Section (M–1) gave you the principles of simple algebra. These excercises will give you practice in applying them.

Do not expect anything profound or interesting--this is just a drill, like the finger excercises you do if you wish to master a musical instrument, or the parallel parking practice before your driver's test. Do them all--do not leave any out!

(1) Isolate x in each equation and find its value, following the
        rule that "when equal operations are performed on both
        sides of an equation, the result is still equal."

To the right of each problem are instructions for solving it, a list of the required operations. The sequence in which they are applied reads from left to right. Write down a new equation for each step.

The notation of the instructions is as follows. For operations applied to both sides:

      (+2)     add 2
      (–6)     subtract 6
      (*3)     multiply by 3
      (/5)     divide by 5
      For other operations:
      (+/–)     add or subtract terms wherever you can
      (*)     multiply terms wherever you can
Note: Not every equation has a unique solution. Some can be identities, e.g. 2(x+1) = 2x + 2, which hold for any value of x. Some can be mis-identities, e.g. 2(x+1) = 2x + 3, which hold for no value, because they reduce the the impossible requirement 2 = 3.

5+x = 7 (–5)
x/2 = 3 (*2)
x/3 + 4 = 8 (–4)(*3)
4x – 5 = 15 (+5)(/4)
3x + 6 = 5x (–3x)(/2)
6x + 4 = 1.5x + 13 (–1.5x)( –4)(/4.5)
15x – 2 = 6x + 16 (–6x)(+2)(/9)
21x – 3 = (7x+9)/2 (*2)(–7x)(/5)(/3)
Note multiplication by (–1) reverses all signs on both sides!
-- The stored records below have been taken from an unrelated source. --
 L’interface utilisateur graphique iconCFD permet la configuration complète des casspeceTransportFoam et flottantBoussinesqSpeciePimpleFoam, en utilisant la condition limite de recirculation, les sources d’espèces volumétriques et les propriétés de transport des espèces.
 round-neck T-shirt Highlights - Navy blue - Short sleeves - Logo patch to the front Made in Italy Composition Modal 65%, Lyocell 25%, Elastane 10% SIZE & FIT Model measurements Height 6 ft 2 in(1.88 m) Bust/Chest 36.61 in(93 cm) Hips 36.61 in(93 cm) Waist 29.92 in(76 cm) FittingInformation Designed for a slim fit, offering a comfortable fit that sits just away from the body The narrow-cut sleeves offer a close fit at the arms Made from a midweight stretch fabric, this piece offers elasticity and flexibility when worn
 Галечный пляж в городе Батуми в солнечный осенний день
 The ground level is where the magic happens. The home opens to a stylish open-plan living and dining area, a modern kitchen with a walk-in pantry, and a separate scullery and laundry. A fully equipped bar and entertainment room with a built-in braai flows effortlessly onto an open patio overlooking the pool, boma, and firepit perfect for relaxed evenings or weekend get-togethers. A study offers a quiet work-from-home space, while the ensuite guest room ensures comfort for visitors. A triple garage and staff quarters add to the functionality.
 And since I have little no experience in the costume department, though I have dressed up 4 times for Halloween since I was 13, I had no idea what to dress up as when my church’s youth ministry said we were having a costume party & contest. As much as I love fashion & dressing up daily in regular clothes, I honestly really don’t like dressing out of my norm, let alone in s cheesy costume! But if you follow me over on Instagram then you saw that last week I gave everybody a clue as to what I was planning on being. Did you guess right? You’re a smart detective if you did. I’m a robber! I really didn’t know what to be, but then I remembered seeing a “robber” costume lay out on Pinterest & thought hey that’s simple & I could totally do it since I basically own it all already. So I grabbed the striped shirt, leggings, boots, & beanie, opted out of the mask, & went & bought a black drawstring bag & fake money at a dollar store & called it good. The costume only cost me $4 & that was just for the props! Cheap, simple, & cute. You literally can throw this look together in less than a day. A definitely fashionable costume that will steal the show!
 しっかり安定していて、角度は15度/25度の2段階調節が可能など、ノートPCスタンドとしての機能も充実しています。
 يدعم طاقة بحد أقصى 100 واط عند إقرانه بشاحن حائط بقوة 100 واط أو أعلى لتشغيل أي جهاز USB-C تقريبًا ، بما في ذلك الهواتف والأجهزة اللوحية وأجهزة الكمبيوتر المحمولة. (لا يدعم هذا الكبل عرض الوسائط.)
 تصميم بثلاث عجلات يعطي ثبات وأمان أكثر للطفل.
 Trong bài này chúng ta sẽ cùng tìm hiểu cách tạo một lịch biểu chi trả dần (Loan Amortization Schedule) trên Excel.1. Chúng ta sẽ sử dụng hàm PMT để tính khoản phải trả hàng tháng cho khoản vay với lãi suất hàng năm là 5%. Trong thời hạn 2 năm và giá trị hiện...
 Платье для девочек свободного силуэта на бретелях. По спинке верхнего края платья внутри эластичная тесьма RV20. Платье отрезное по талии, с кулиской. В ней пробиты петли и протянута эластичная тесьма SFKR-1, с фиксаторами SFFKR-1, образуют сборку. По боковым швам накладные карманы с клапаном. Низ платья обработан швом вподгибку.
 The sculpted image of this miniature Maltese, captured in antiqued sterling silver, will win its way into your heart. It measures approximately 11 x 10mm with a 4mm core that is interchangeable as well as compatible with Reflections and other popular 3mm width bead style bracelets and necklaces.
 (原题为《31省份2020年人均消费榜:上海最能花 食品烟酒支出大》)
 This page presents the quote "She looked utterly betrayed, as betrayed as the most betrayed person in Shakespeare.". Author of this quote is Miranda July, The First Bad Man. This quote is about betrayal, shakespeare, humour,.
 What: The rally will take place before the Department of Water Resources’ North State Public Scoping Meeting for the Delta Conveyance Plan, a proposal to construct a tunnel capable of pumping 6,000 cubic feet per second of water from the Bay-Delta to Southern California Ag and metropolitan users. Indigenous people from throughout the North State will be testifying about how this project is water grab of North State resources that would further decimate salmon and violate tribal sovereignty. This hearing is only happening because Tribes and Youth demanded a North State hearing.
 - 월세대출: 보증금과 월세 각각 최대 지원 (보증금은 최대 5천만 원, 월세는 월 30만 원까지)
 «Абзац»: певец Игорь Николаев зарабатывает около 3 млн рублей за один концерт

10 – 3x = –2 (–10)(*( –1))(/3)
1/(x+1) = 2/(x+3) (*(x+1))(*(x+3)(*)( –x)( –2)
(x+2)(x+1) = (x+7)(x–1) (*)(+/–)( –x2)( –2)( –6x)(*( –1)(/3)

                (2) Same types of equations, but now without instructions:

7 + 2x = 13
15 + 7x = 1
4x – 3 = 2x
5x – 3 = 1 – 2x

(x/2)+5 = (x/3)+6
5x – 20 = x+8
(x+6)/2 = 2x – 21
(2x–3)/(4x–3) = 1

2/(3–x) + 1/(2+x) = 0
(x+10)/(3x+5) = 2
(11x+1)/(6x–2) = 2
(x+2)(x+3) = (x+1)(x+7)

                (3) Is anything wrong with these equations? And if so, what?

(15x–5)/(3x–1) = 5
4(3x–5) = 2(6x+7)
5(x–3) = 7x – 15

                (4) The relations below all contain both x and y. :
                      Express y in terms of x, for instance

                                x + y = 7                 Answer: y = 7 – x

                All operations are indicated as before, but watch out:
                      the problems include one badly-posed example.

2x + 3y = 7 (–2x)(/3)
(3y+1)/(x+2) = –2 (*(x+2))( –1)(/3)
(4x – 5y –2) = 13 (+2)( –4x)(* –1)(/5)
(3y + x + 6)/(y–x+2) = 2 (*(y–x+2)) ( –2y)( –x)( –6)
(y–4x)/(y+x+6) = 1 (*(y+x+6))( –y)( –x)(*( –1))(/5)
(15x–2y+6) = (y–6) (–y)( –15x)( –6)(*(–1))(/3)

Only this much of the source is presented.